■ **Problem to work on**: Copy the opening lines of the listing exactly, through and including the line with "当代护肤品,多通过影响「情感"; do not copy any pictures.

┏━━

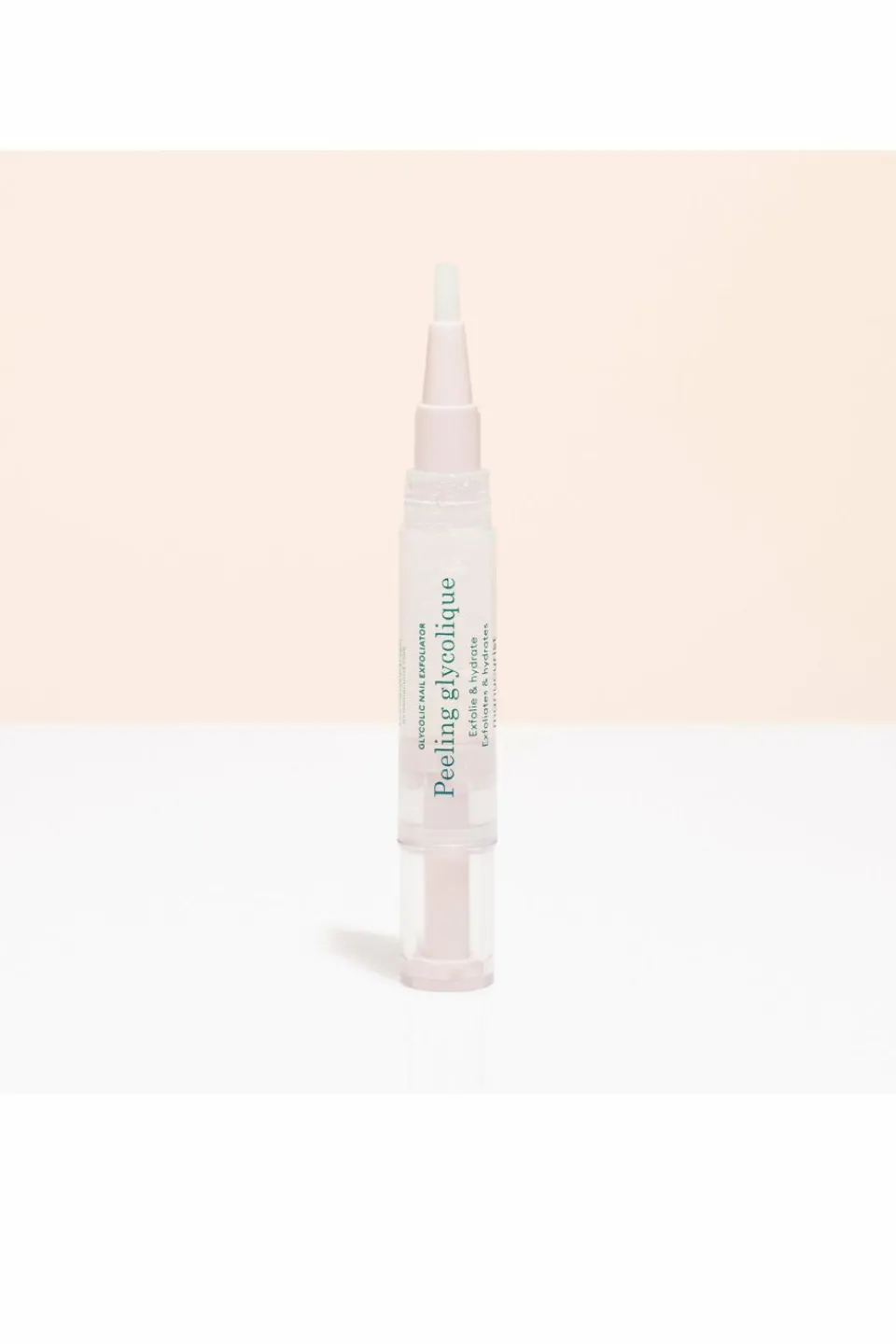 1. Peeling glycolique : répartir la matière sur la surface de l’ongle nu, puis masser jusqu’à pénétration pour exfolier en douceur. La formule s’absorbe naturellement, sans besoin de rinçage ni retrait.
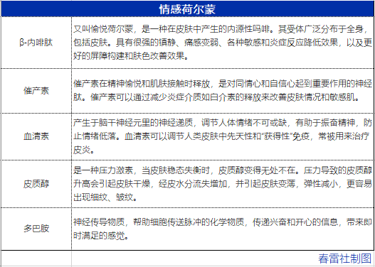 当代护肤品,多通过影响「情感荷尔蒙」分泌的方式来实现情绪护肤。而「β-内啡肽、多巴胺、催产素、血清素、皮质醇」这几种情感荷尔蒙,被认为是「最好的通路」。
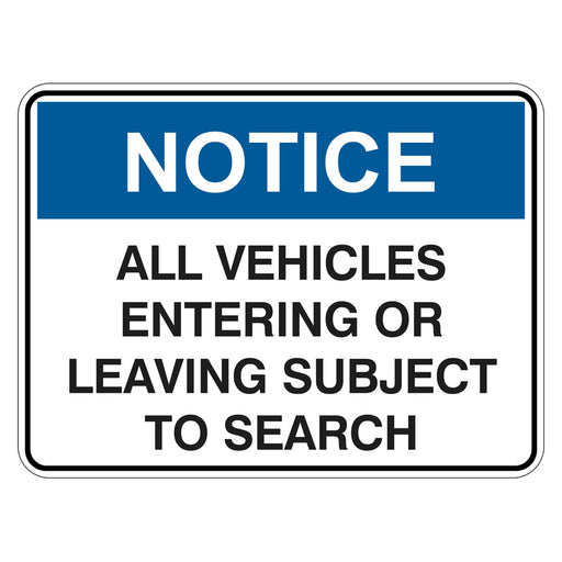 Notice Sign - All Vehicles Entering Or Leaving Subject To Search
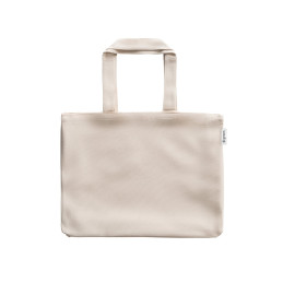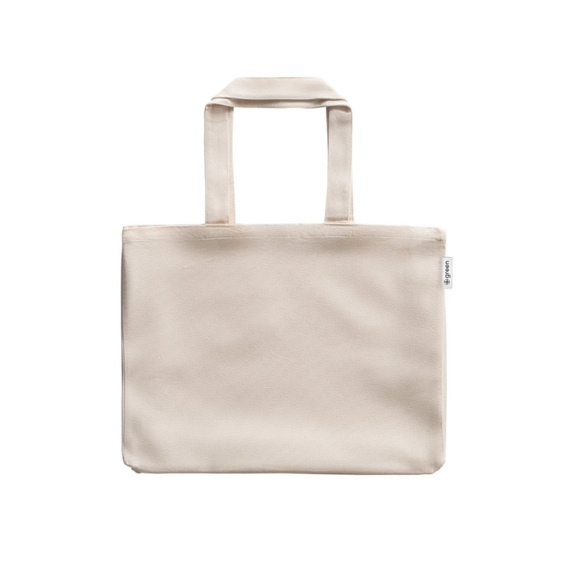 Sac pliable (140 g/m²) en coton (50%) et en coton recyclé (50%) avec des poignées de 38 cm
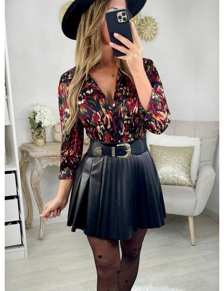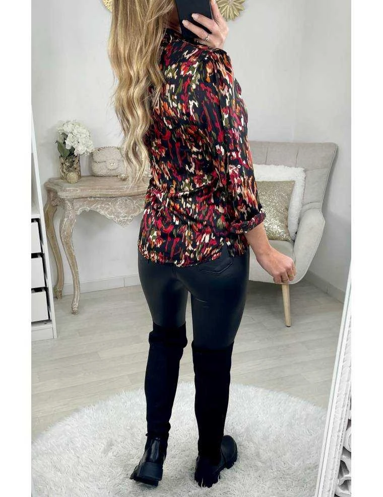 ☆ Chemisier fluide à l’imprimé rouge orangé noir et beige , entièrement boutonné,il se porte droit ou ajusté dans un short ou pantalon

┗━━

■ **Answer box**:
 1. Peeling glycolique : répartir la matière sur la surface de l’ongle nu, puis masser jusqu’à pénétration pour exfolier en douceur. La formule s’absorbe naturellement, sans besoin de rinçage ni retrait.
 当代护肤品,多通过影响「情感荷尔蒙」分泌的方式来实现情绪护肤。而「β-内啡肽、多巴胺、催产素、血清素、皮质醇」这几种情感荷尔蒙,被认为是「最好的通路」。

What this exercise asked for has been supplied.